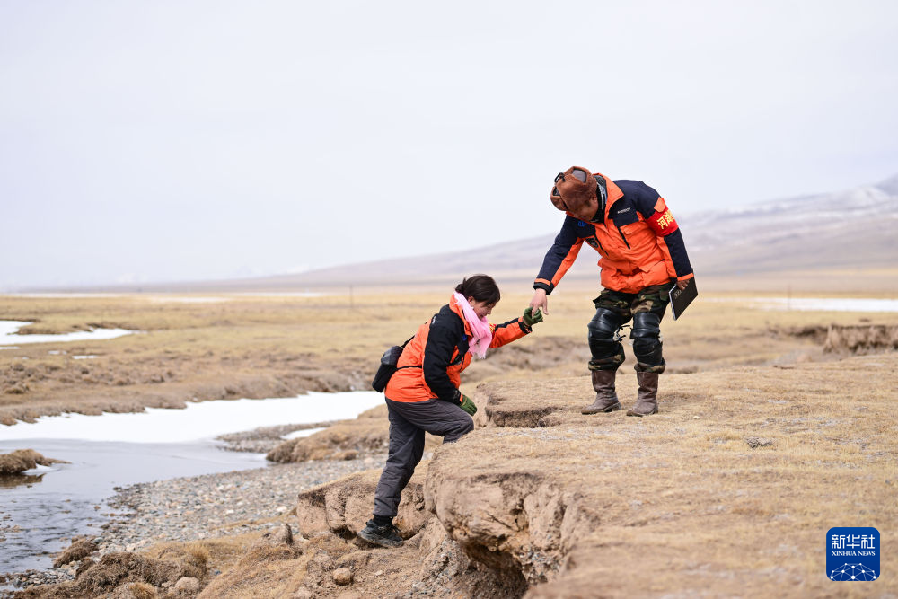 3月21日,葉金俄日(右)在渡過(guò)冰河后等待妻子?xùn)|木措。新華社記者 張龍 攝
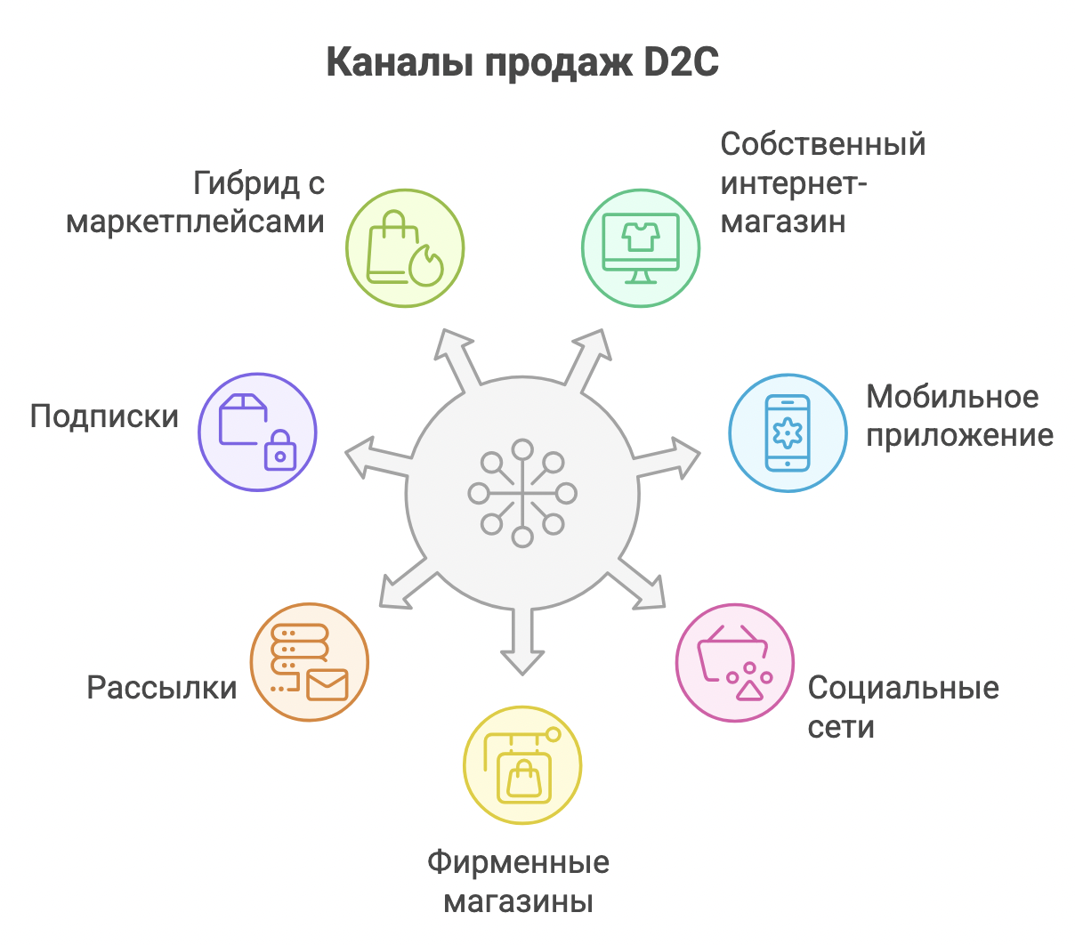 D2C — это омниканальность под контролем бренда. Ниже — основные каналы.
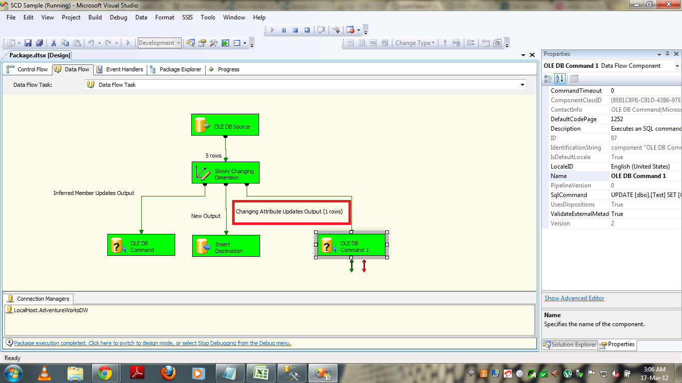 - Once I run the package you can see the package showing “1 rows” under “Changing Attributes Updates Output” section as shown below.
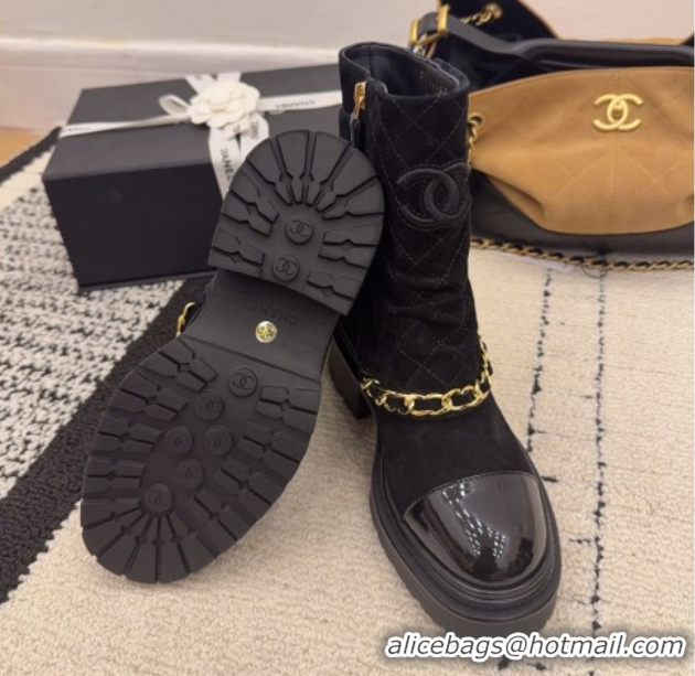 Unique Style Chanel Suede & Patent Leather Platform Ankle Boots with Chain and Buckle Black 2025 CH110412 1104059
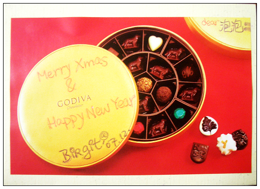 卡片背面用的是某名牌巧克力(我沒做置入性行銷喔)的圖片,嘿嘿嘿,簡單又大方,吃了看了又不會發胖.
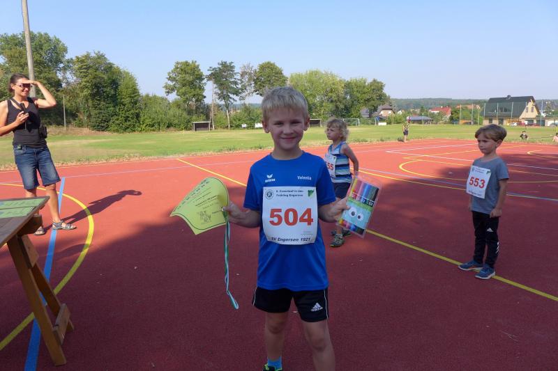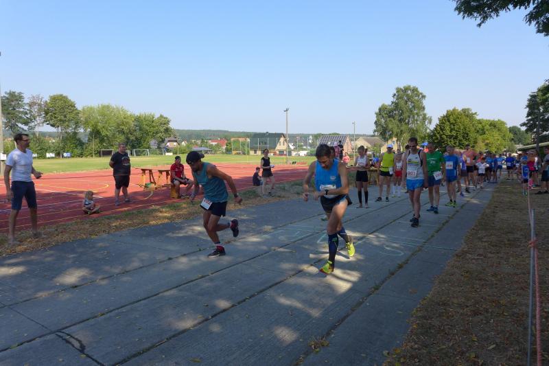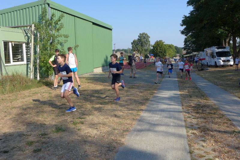 Bei seiner Ansprache musste auch Christian Jung schmunzeln, denn dem Motto „Crosslauf in den Frühling“ war man trotz sommerlicher Temperaturen treu geblieben. Besser spät als nie, honorierten die Läufer den Einsatz des Veranstalters, liegt der letzte Start in Demker nun fast ein halbes Jahr zurück. Während sich der 400-Meter-Start der Bambinis mit einer Handvoll Teilnehmer noch recht übersichtlich gestaltete, kam der Kampfrichter beim 1-Kilometer-Rennen schon leicht in Erklärungsnot. Die Startaufstellung funktionierte gut, doch nach dem Startkommando gab es kein Halten mehr, schließlich wollte keiner der Letzte sein. Aber schnell zog sich das Läuferfeld wieder auseinander, denn eine Anhöhe ließ die Waden brennen und gestaltete das Rennen sehr anspruchsvoll.
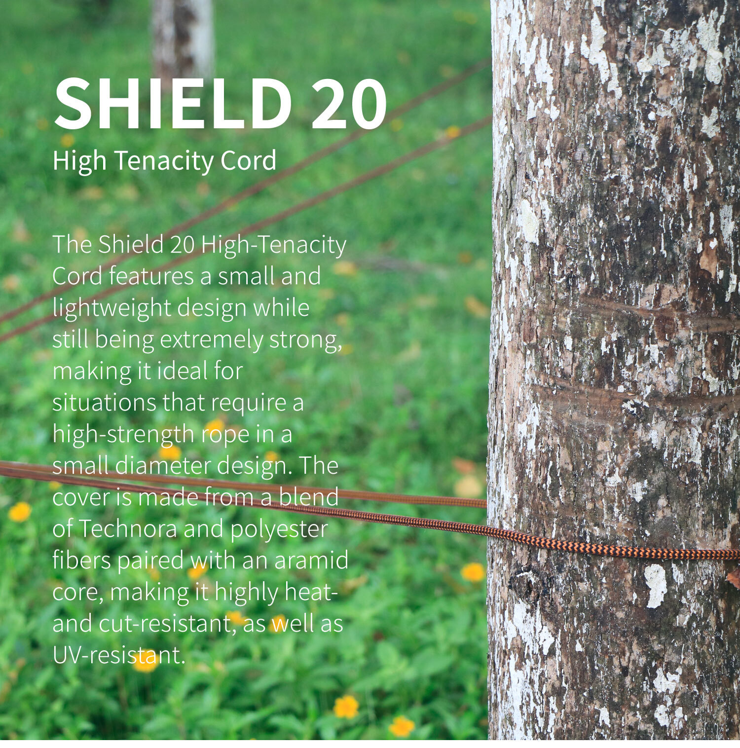 The Shield 20 High-Tenacity Cord features a small and lightweight design while still being extremely strong, making it ideal for situations that require a high-strength rope in a small diameter design.
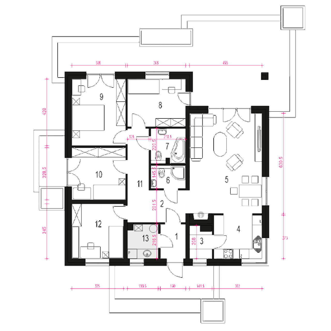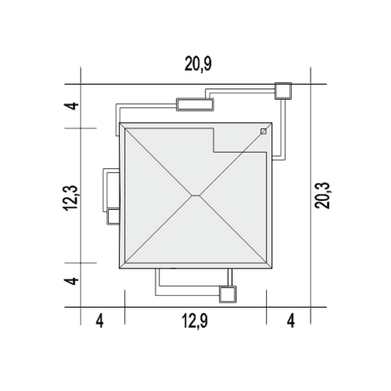 Wypełnij formularz i otrzymaj rysunki w pdf z dokładnymi wymiarami budynku i pomieszczeń (długość, szerokość, wysokość) dla projektu Kalcyt III bez garażu B
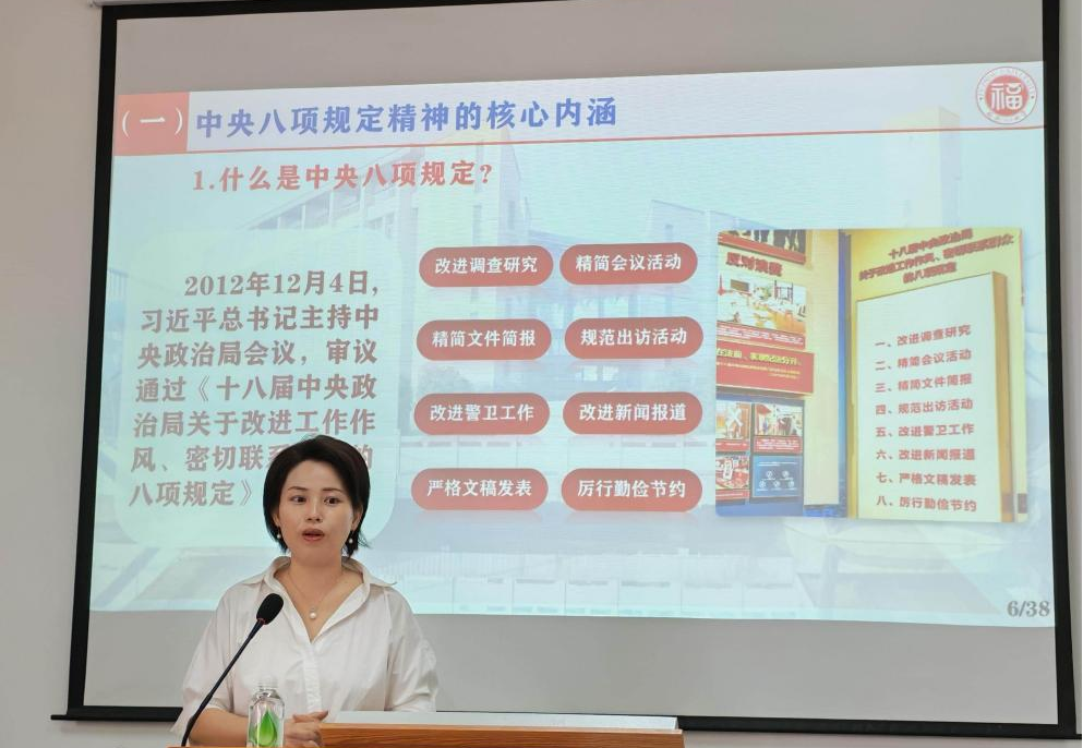 林胜副院长、陈丽君副院长分别向研究生社会学党支部和研究生心理学党支部的党员们解读了深入贯彻中央八项规定精神的成效与经验,强调作风建设不在一朝一夕,必须在思想认识、制度建设等方面久久为功,推进作风建设常态长效。

TASK GOAL - Start at the line containing "- Once I run" above and stop at the line containing "卡片背面用的是某名牌巧克力(我沒做置入性". Output those lines exactly, both included, but none of the pictures.

RESPONSE FOR THIS EXERCISE -
 - Once I run the package you can see the package showing “1 rows” under “Changing Attributes Updates Output” section as shown below.
 Unique Style Chanel Suede & Patent Leather Platform Ankle Boots with Chain and Buckle Black 2025 CH110412 1104059
 卡片背面用的是某名牌巧克力(我沒做置入性行銷喔)的圖片,嘿嘿嘿,簡單又大方,吃了看了又不會發胖.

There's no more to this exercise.